**PROBLEM DESCRIPTION:**
Leave out the pictures and retype, exactly, the lines below from the line with "The Audrey Jacket" up to and including the line with "9月18日下午,教育学院第三", nothing more.

**SUPPLIED RECORDS:**

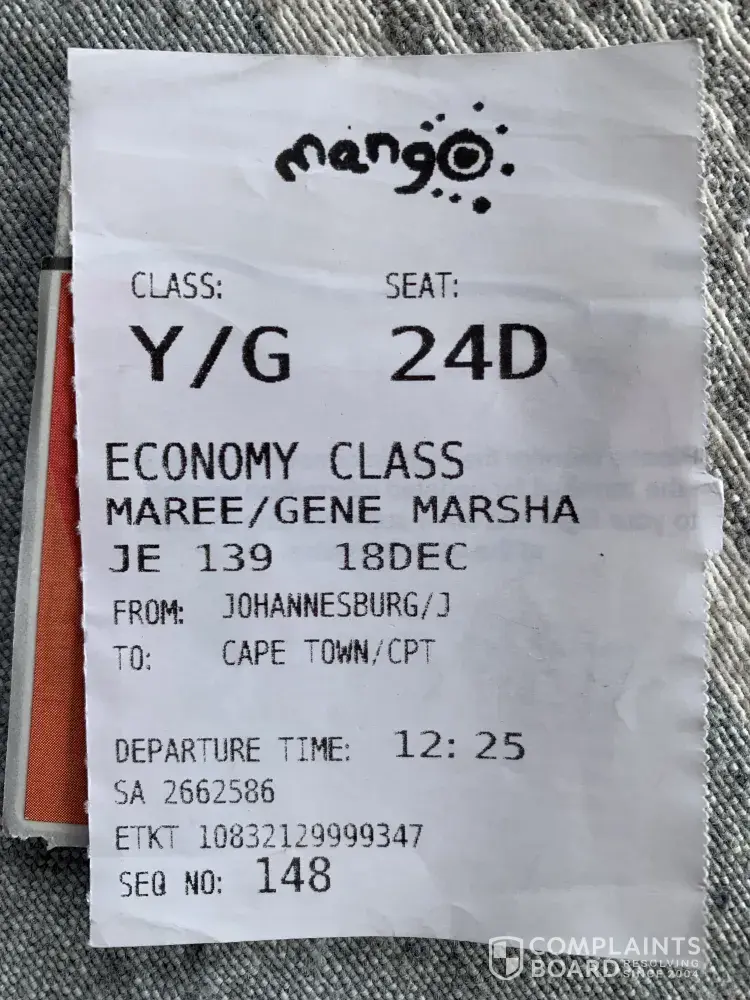 We are lodging this complaint for a thorough investigation into this incident with a view to preventing any such future occurrences. we are also making a request for a refund of the money we lost by way of buying new ticket, arranging new airport shuttles and losing hotel reservations. these are in the region of r20, 000. we are ready to supply further details to support this cost calculation.
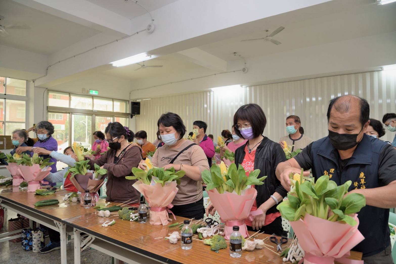 鹿草社區發展協會理事長鄧文榮指出,這次使用的花材是鹿草著名的農產秋葵、玉米等蔬菜,長輩們都很開心能夠參與這次的活動。
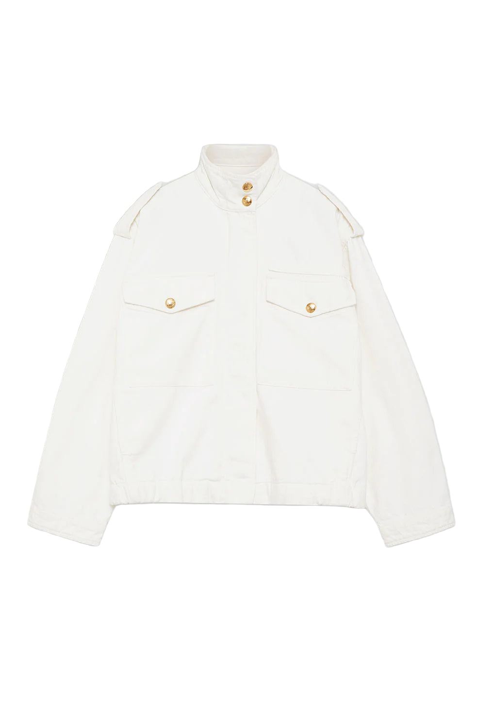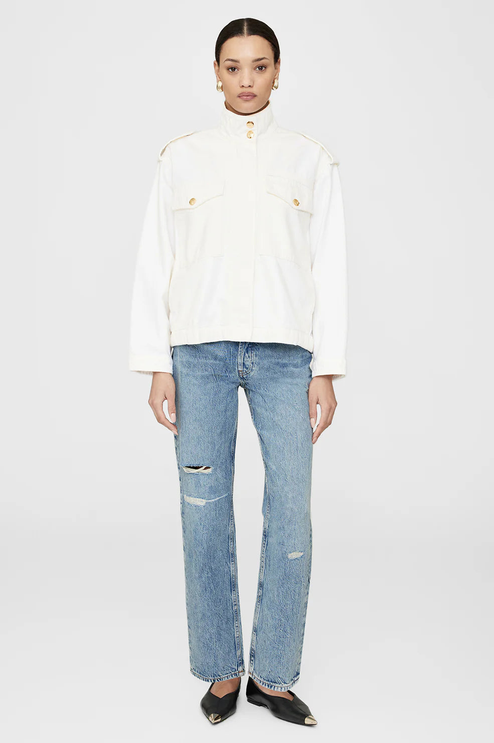 The Audrey Jacket is made from a midweight, rigid organic cotton denim blend. Its utilitarian construction features a high collar, epaulets at the shoulders, back sleeve vents, discrete adjustable cording at the hem, and snap buttons down its center-front opening. Finished with two flap pockets at the chest.
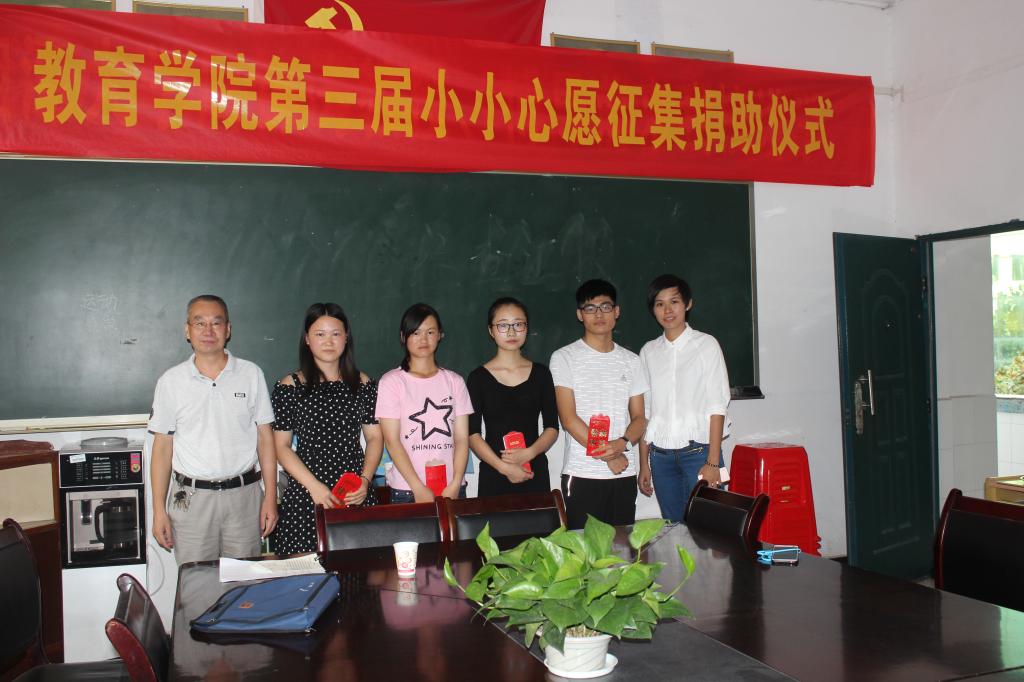 9月18日下午,教育学院第三届“小小心愿”捐赠仪式在甘澍楼3楼会议室举行,参加本次仪式的成员有申忠明书记,李佳维老师和五位获助学生。
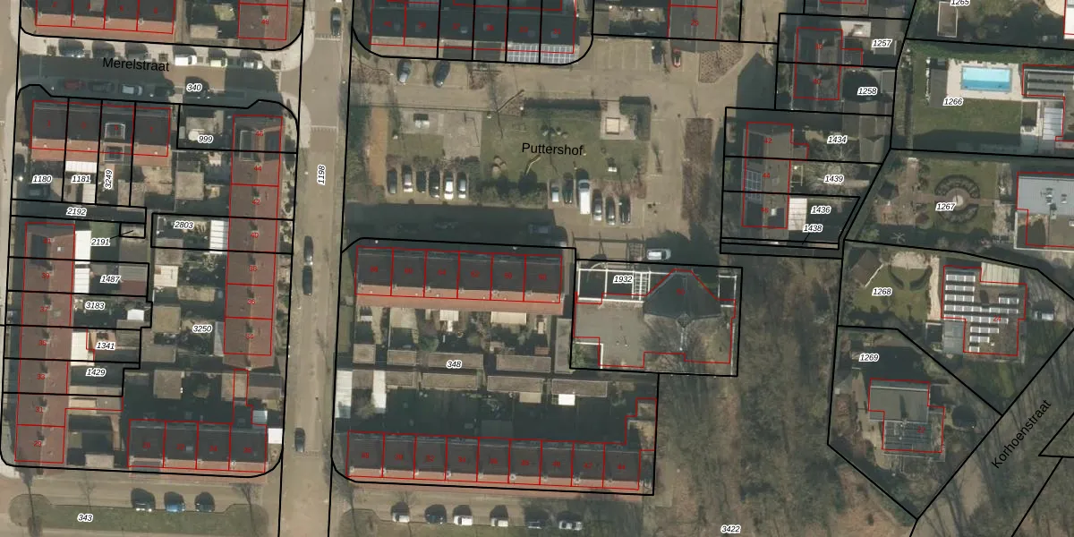 Het perceel waarop Puttershof 58 staat heeft een oppervlakte van 2320 m². Dit is een zeer groot perceel. De perceeloppervlakte wordt geregistreerd door het Kadaster. Gedetailleerde informatie over de maten van dit perceel kunt u vinden in het rapport Kadastrale kaart met maatvoering van Puttershof 58.

**OUTPUT FOR THIS TASK:**
 The Audrey Jacket is made from a midweight, rigid organic cotton denim blend. Its utilitarian construction features a high collar, epaulets at the shoulders, back sleeve vents, discrete adjustable cording at the hem, and snap buttons down its center-front opening. Finished with two flap pockets at the chest.
 9月18日下午,教育学院第三届“小小心愿”捐赠仪式在甘澍楼3楼会议室举行,参加本次仪式的成员有申忠明书记,李佳维老师和五位获助学生。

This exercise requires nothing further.